WHAT YOU SHOULD DO: Could you restate word for word each line from the top of the listing below through the line containing "A pair of Louis"? Keep the pictures out.
[DATA BLOCK Boundary: Start]
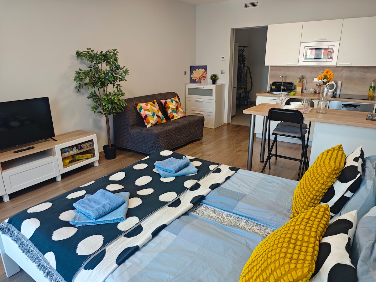 A great, light and bright sunny 1 bedroom apartment with roof terrace (south facing), many local shops and restaurants within easy reach, and the metro for the city centre just moments away. The local park behind the house has running tracks , woodland walks and a stream running through it. As well as having good connection to the tourist centre by metro in less than 7 minutes, the apartment is located just minutes walk to the o2 Arenas , and many of the medical tourism clinics in the area.
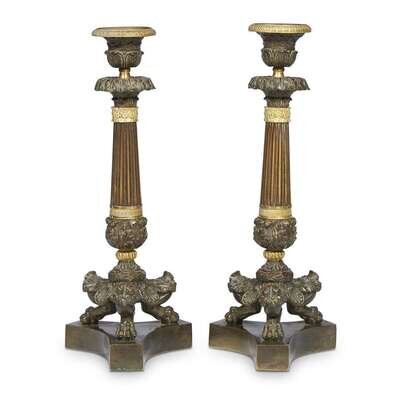 A pair of Louis Philippe gilt- and patinated-bronze candlesticks second quarter 19th century
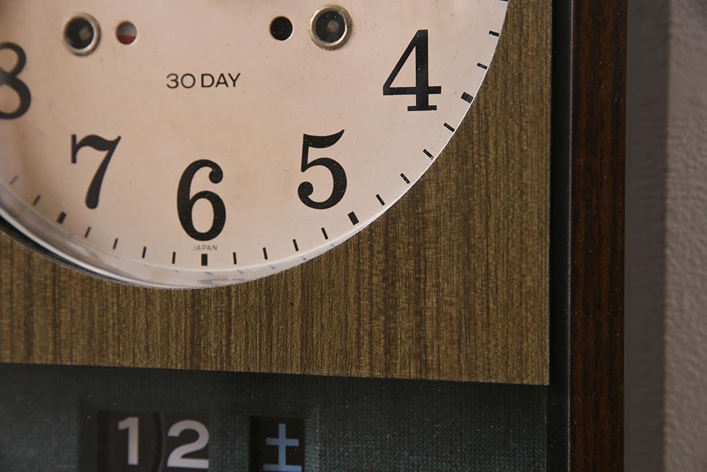 レトロ雑貨 SEIKO(セイコー) ゼンマイ式 カレンダー付き 渋い色合いがレトロな掛け時計(柱時計、振り子時計)(R-044746)
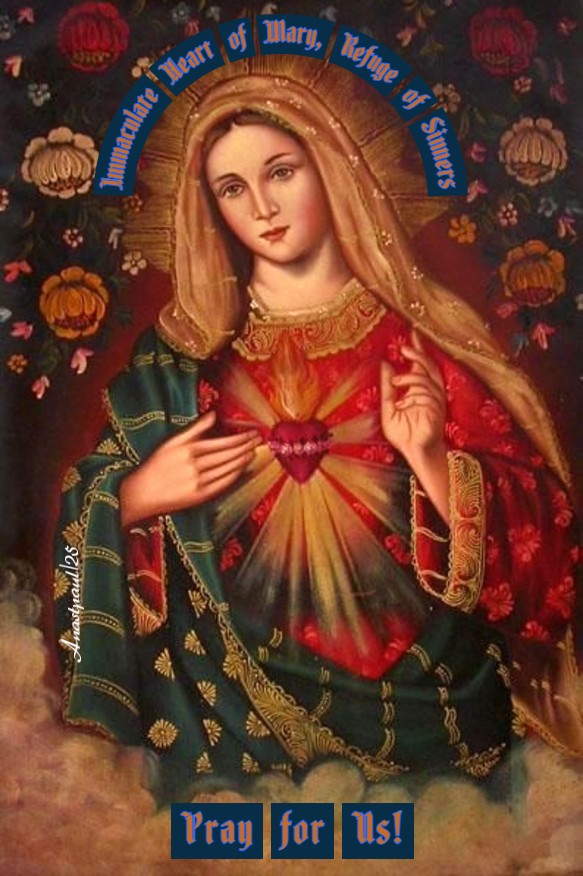 PRAYER – O God most kind, Who as a salvation for sinners and a refuge for the miserable, didst will the Blessed Virgin Mary to be the Ever Virgin Mother of Thine only Son and the distributor of His graces; grant, we pray, that while celebrating the memory of this most loving Mother’s Heart, we may obtain for sinners, the grace of conversion and an abundance of heavenly gifts, for all the faithful. Through the same Christ our Lord, in the unity of the Holy Ghost, God forever amen. (Collect).
[DATA BLOCK Boundary: End]
EXERCISE SOLUTION:
 A great, light and bright sunny 1 bedroom apartment with roof terrace (south facing), many local shops and restaurants within easy reach, and the metro for the city centre just moments away. The local park behind the house has running tracks , woodland walks and a stream running through it. As well as having good connection to the tourist centre by metro in less than 7 minutes, the apartment is located just minutes walk to the o2 Arenas , and many of the medical tourism clinics in the area.
 A pair of Louis Philippe gilt- and patinated-bronze candlesticks second quarter 19th century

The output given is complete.